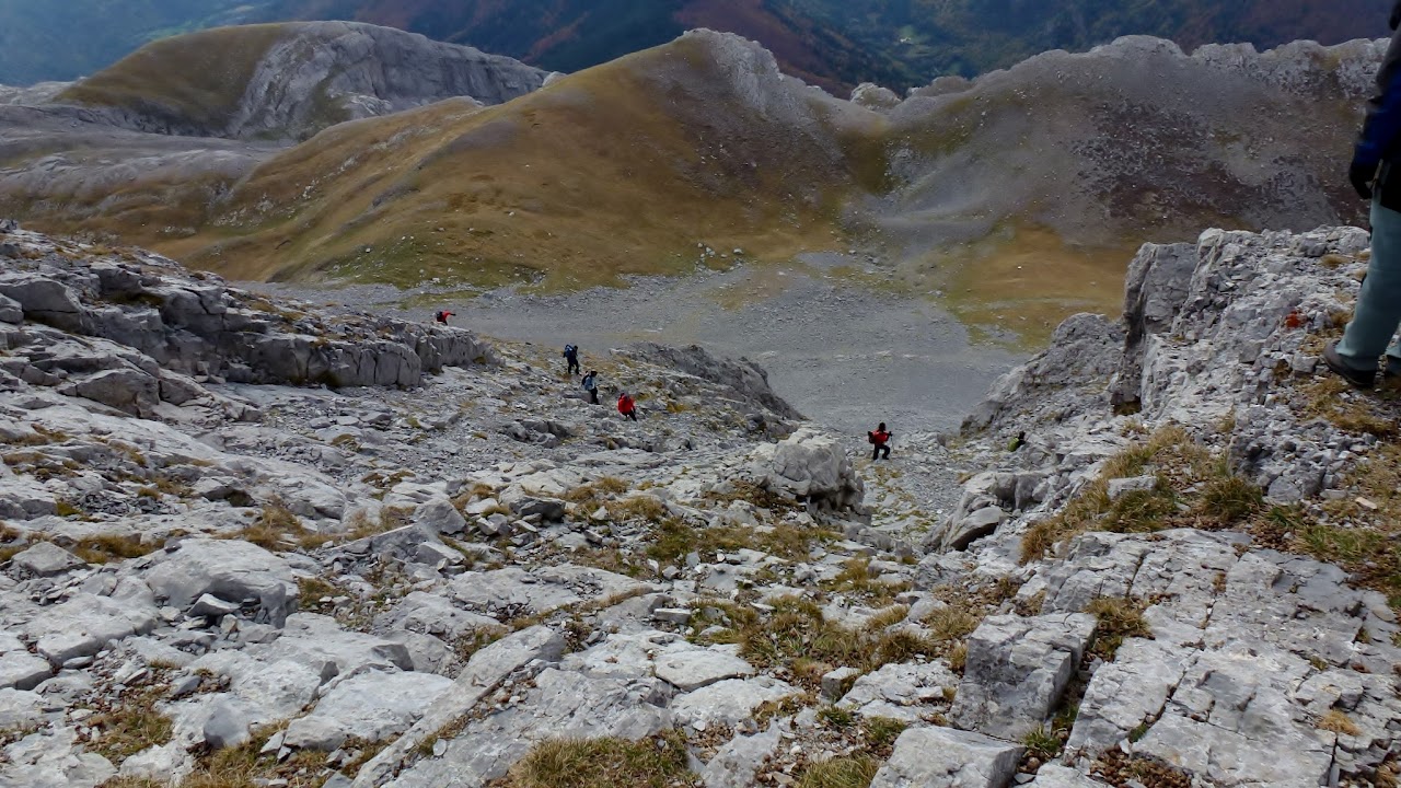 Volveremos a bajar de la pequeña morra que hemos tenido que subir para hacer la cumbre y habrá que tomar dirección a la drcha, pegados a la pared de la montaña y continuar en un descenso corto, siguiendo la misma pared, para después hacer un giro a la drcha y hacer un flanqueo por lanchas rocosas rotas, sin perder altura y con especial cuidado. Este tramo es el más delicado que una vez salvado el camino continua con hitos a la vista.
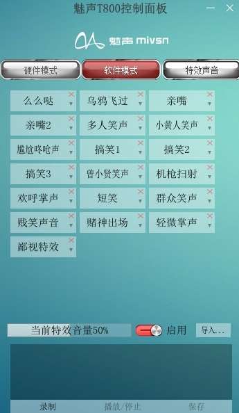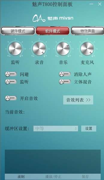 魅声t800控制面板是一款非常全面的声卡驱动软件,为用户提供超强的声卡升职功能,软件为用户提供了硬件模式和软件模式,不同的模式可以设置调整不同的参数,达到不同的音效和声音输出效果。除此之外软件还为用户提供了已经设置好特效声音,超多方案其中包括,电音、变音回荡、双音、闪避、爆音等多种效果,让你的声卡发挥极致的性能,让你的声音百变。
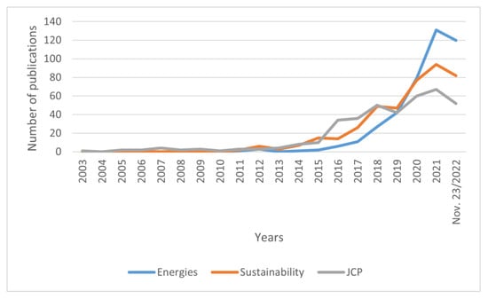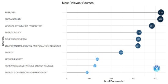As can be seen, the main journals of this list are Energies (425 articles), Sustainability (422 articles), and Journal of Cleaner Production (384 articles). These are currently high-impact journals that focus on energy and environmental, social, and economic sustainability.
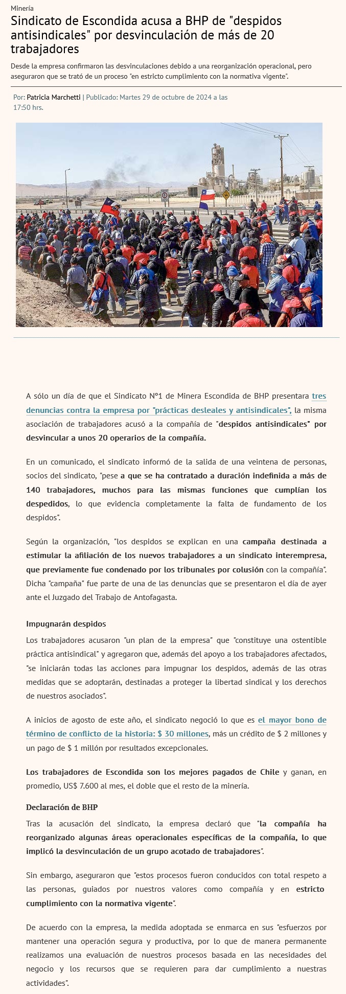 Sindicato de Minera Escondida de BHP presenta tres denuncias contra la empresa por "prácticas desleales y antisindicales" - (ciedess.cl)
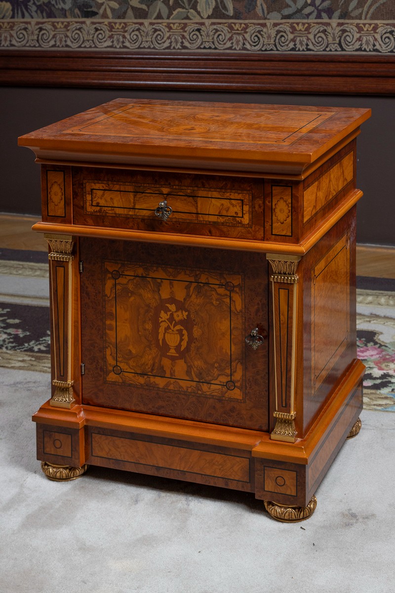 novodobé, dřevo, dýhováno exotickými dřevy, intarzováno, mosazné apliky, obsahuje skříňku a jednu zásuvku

★ ★ ★ ★ ★

- What you will do -
Return the records exactly as they stand, and drop every picture.

- Answer to this task -
 Volveremos a bajar de la pequeña morra que hemos tenido que subir para hacer la cumbre y habrá que tomar dirección a la drcha, pegados a la pared de la montaña y continuar en un descenso corto, siguiendo la misma pared, para después hacer un giro a la drcha y hacer un flanqueo por lanchas rocosas rotas, sin perder altura y con especial cuidado. Este tramo es el más delicado que una vez salvado el camino continua con hitos a la vista.
 魅声t800控制面板是一款非常全面的声卡驱动软件,为用户提供超强的声卡升职功能,软件为用户提供了硬件模式和软件模式,不同的模式可以设置调整不同的参数,达到不同的音效和声音输出效果。除此之外软件还为用户提供了已经设置好特效声音,超多方案其中包括,电音、变音回荡、双音、闪避、爆音等多种效果,让你的声卡发挥极致的性能,让你的声音百变。
As can be seen, the main journals of this list are Energies (425 articles), Sustainability (422 articles), and Journal of Cleaner Production (384 articles). These are currently high-impact journals that focus on energy and environmental, social, and economic sustainability.
 Sindicato de Minera Escondida de BHP presenta tres denuncias contra la empresa por "prácticas desleales y antisindicales" - (ciedess.cl)
 novodobé, dřevo, dýhováno exotickými dřevy, intarzováno, mosazné apliky, obsahuje skříňku a jednu zásuvku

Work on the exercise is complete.